Here are five multimillion-dollar false claims settlements in the last three months:
1. In July, Claribel Tan, MD, a rheumatologist, and her husband Daniel Tan were charged with fraud and tax evasion related to a scheme that defrauded healthcare benefits programs of more than $10 million.
The pair allegedly submitted false claims that misrepresented services provided to patients at their medical clinic in Anchorage, Alaska, and deceived patients regarding the necessity and type of treatments received. The indictment further alleges that, Dr. Tan and Mr. Tan fraudulently received more than $10 million from healthcare benefit programs and that the couple evaded income taxes by providing false information on their tax returns for 2014, 2015 and 2017. Further, the indictment alleges that Mr. Tan evaded taxes in 2017, and that the couple did not file tax returns from 2018 to 2021.
2. In July, A federal grand jury indicted Hoau-Yan Wang, PhD, 67, a pharmaceutical researcher and medical professor charging him with defrauding the National Institutes of Health of about $16 million in grant funds from 2015 to 2023.
Dr. Wang, a professor of medicine at City University of New York and an advisor at drug development company Cassava Sciences, fabricated and falsified scientific data in grant applications NIH seeking funds for the research of simufilam, a potential treatment and diagnostic test for Alzheimer's disease from May 2015 to April 2023.
3. In June, David Young, MD, a physician from Fredericksburg, Texas, was convicted for submitting more than $70 million in fraudulent claims for orthotic braces and generic tests.
Dr. Young submitted tests for more than 13,000 beneficiaries, receiving $475,000 in illegal kickbacks. He was convicted of one count of conspiracy to commit healthcare fraud and three counts of false statements relating to healthcare matters.
4. In June, a Natick, Mass., psychiatrist Gustavo Kinrys, MD, was sentenced to eight years and three months in prison for a $19 million Medicare and private insurance fraud scheme.

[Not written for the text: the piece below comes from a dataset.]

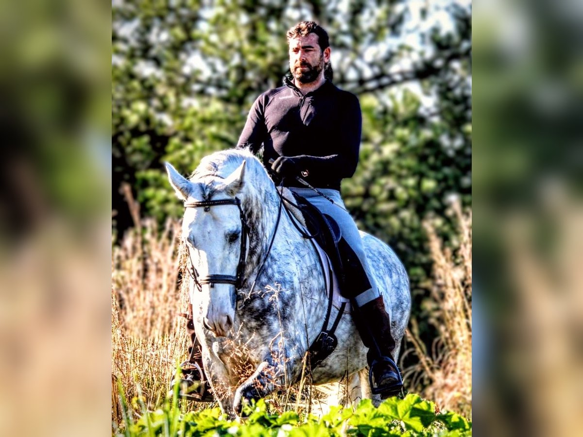 KALAMBRUJO... A very special gentleman in search of his *forever home*. This impressively beautiful PRE stallion is 7.5 years old, stands 1.58 meters tall, and is muscular. He captivates not only with his friendly and human-oriented nature but also as an overall striking presence. With his exceptionally comfortable gaits, he is perfectly suited for Working Equitation, dressage, and recreational riding. His outstanding pedigree (Plaza de Armas) already hints at his high quality and his incredibly lovable character. The stallion is well-trained, completely reliable in handling, and an excellent choice for riders seeking a versatile partner. He is primarily ridden in the terrain, bringing 100% safety and routine to every ride. In the riding arena, he works convincingly and is pleasant to ride in all gaits. He already masters simple lateral movements at walk and trot. His very agreeable nature makes him an ideal companion for trail rides, walks, and relaxed training sessions. KALAMBRUJO is ideally suited for the ambitious leisure rider, for those returning to riding, and even for beginners, as he provides security and a pleasant riding experience. If you like this charming grey, please contact me with your phone number so I can get in touch with you as soon as possible. We always have horses with different levels of training available. All horses come from private, loving owners. For inquiries or further information, please feel free to contact me. A personal meeting is always possible!

Between January 2015 and December 2018, Dr. Kinrys sought and received $19 million in reimbursements for unrendered services. As part of the scheme, he billed Medicare and private insurers $10.6 million for thousands of transcranial magnetic stimulation sessions he never provided. Dr. Kinrys, who owned and operated Advanced TMS Associates, also made false statements to patients, billing companies and payers. When payers sought records to justify his claims, Dr. Kinrys forced employees to create fake patient records to send to Medicare and private insurers.

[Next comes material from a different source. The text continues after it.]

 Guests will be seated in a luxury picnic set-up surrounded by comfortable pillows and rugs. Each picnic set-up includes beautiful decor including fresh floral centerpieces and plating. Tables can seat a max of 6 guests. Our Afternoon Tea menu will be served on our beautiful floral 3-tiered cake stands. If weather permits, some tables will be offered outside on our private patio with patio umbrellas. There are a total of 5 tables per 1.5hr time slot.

5. In May, Desi Barroga, MD, and Deno Barroga, MD, pain management physicians in Dallas each pleaded guilty to a healthcare billing scheme that defrauded major insurers of at least $45 million.
The pair submitted fraudulent claims for corticosteroid injections that were never administered. They also required patients to come in for monthly office visits in order to continue the fraudulent billing, submitting fraudulent claims worth at least $45 million to payers including Blue Cross Blue Shield, Cigna and United Healthcare for injections that were never administered, as many as 80 injections per patient per visit. They also created and submitted false medical records and told patients to include false statements to validate their claims, each earning at least $9 million.